Pipeline

This page describes the algorithmic details of each STAG pipeline stage. For code examples, see Usage.

Data collection

Thirty-six adult red deer stags (Cervus elaphus) were each fitted with two battery-powered tri-axial accelerometers (±16 g, 50 Hz; TechnoSmart Europe):

  • Head unit (axyTrek) — mounted at the base of the antler pedicle; includes a 0.5 Hz GPS logger.

  • Ear unit (axy) — attached to the ear.

Stags were monitored for 48 h in a paddock with ad libitum food and water. Simultaneous video (30 Hz) served as ground truth.

Feature set

Six accelerometer axes (three head, three ear) are standardised to zero mean and unit variance.
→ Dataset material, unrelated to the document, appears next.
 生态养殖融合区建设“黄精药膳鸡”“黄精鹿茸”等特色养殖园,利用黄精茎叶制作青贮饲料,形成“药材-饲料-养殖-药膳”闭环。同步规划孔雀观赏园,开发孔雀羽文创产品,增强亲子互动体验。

GPS-derived speed and tortuosity are retained only for coarse ground-truthing due to the 100× sampling-rate mismatch between accelerometers (50 Hz) and GPS (0.5 Hz).
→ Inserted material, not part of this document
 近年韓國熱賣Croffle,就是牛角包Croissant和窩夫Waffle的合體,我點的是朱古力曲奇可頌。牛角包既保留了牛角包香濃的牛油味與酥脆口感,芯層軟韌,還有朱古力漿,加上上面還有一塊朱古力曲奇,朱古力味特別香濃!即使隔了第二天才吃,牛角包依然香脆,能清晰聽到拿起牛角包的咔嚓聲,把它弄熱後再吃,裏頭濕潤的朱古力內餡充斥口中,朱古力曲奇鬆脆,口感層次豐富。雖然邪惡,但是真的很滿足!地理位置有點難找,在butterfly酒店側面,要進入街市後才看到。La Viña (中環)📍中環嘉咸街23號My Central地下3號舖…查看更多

Tortuosity is defined as the arc–chord ratio over three consecutive GPS fixes:

\[\begin{split}\\tau = \\frac{\\|\\vec{p}_1 - \\vec{p}_0\\| + \\|\\vec{p}_2 - \\vec{p}_1\\|}{\\|\\vec{p}_2 - \\vec{p}_0\\|}\end{split}\]

A straight trajectory yields τ = 1; higher values indicate more sinuous paths.

Clustering

k-means (Lloyd’s algorithm, squared Euclidean distance) partitions the z-scored feature vectors into k prototypical movements. The GPU implementation uses RAPIDS cuML for scalability.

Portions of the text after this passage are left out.